_Instructions to follow_
Repeat the records exactly, with one exception: no images.

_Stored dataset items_
- - - -

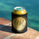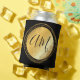 Gold metal round frame, personalised monograms, golden metallic effect, chic minimal design, calligraphy initial letters of name
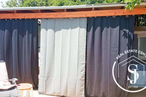 Genießen Sie unvergessliche Sommer in Kassandra mit diesem charmanten Mobilheim mit 25 m². komfortabler Wohnraum im Innenbereich und zusätzlich 100 m². Privater Garten – perfekt zum Entspannen im Freien und zum Leben im Sommer.
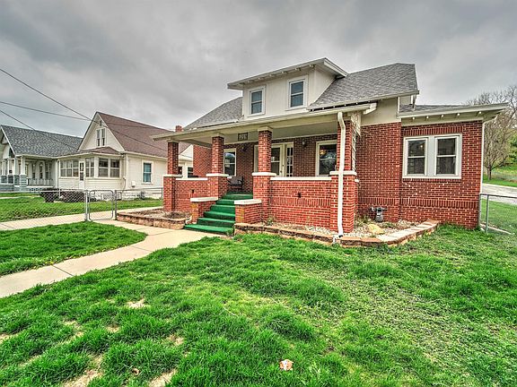 A wonderfully crafted home featuring brick and stucco. Charm factor of 100 !Original wood floors, trims and beavered glass windows. Two pairs of French doors New kitchen, bath and windows. A very open main floor with a fabulous sunroom which could be the perfect office space. Next door to the grade school and walk to the grocery store. A front and back porch, flat yard and fenced. You will love all the space for your auto's PLUS a over sized two car garage. Note: 3rd bedroom is non-conforming. SHOWINGS START SATURDAY
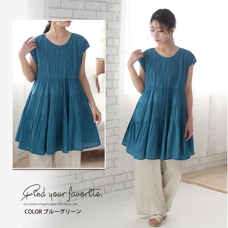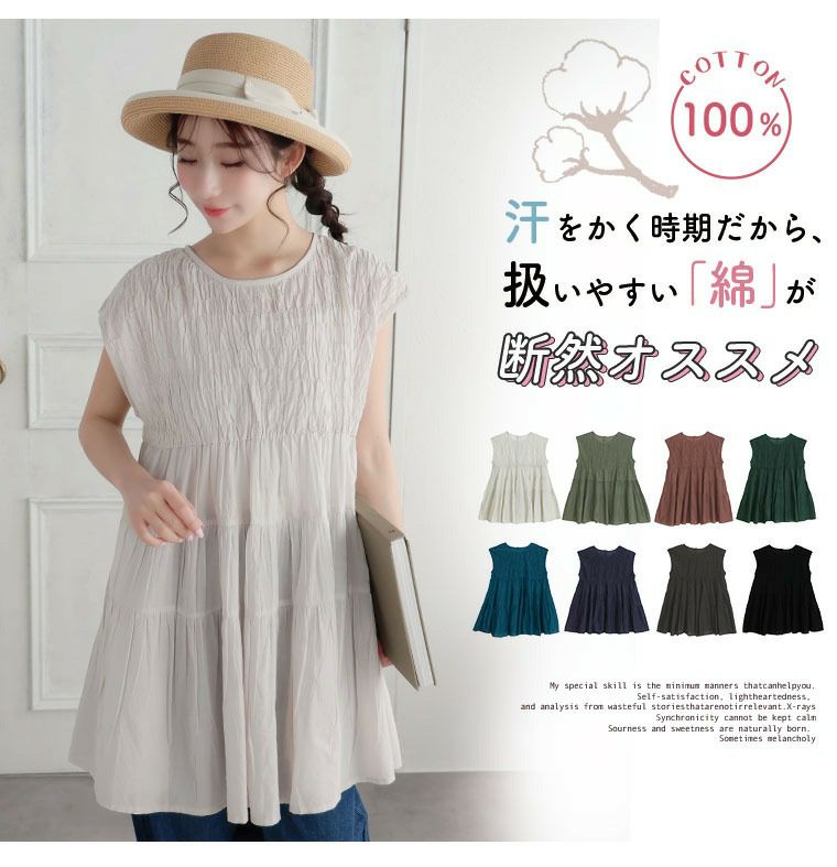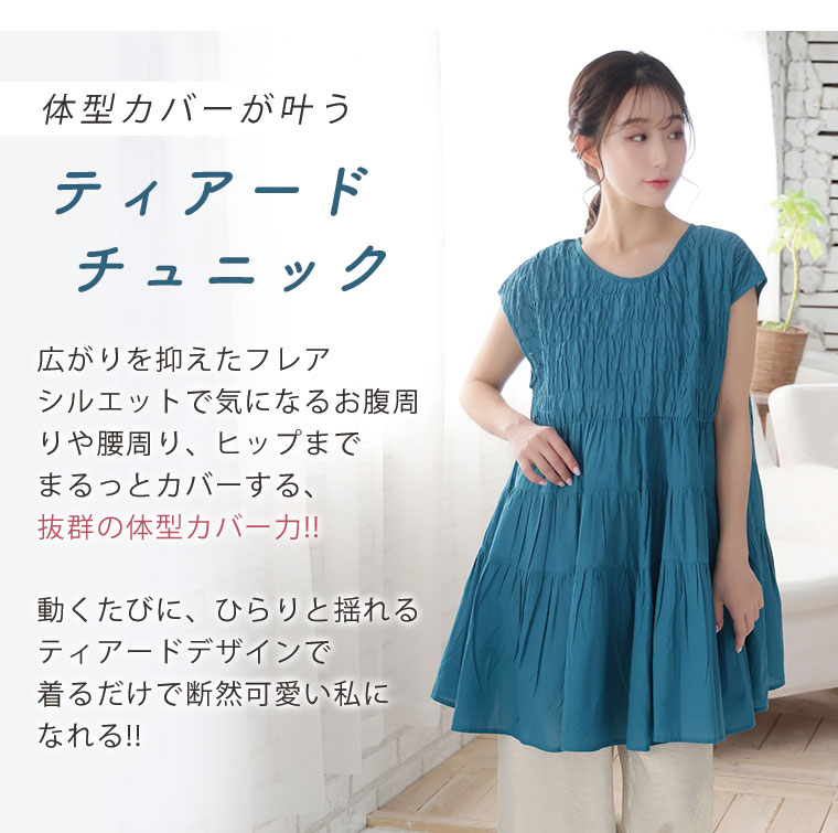 さらっと軽い♪こだわり綿100%のティアードチュニック
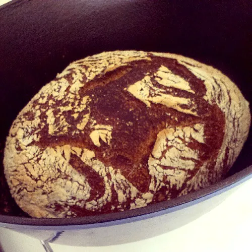 Bake into a dutch oven. 25 minutes with lid on, 20 minutes lid off. 245 C (475F)

- - - -

_Written solution_
 Gold metal round frame, personalised monograms, golden metallic effect, chic minimal design, calligraphy initial letters of name
 Genießen Sie unvergessliche Sommer in Kassandra mit diesem charmanten Mobilheim mit 25 m². komfortabler Wohnraum im Innenbereich und zusätzlich 100 m². Privater Garten – perfekt zum Entspannen im Freien und zum Leben im Sommer.
 A wonderfully crafted home featuring brick and stucco. Charm factor of 100 !Original wood floors, trims and beavered glass windows. Two pairs of French doors New kitchen, bath and windows. A very open main floor with a fabulous sunroom which could be the perfect office space. Next door to the grade school and walk to the grocery store. A front and back porch, flat yard and fenced. You will love all the space for your auto's PLUS a over sized two car garage. Note: 3rd bedroom is non-conforming. SHOWINGS START SATURDAY
 さらっと軽い♪こだわり綿100%のティアードチュニック
 Bake into a dutch oven. 25 minutes with lid on, 20 minutes lid off. 245 C (475F)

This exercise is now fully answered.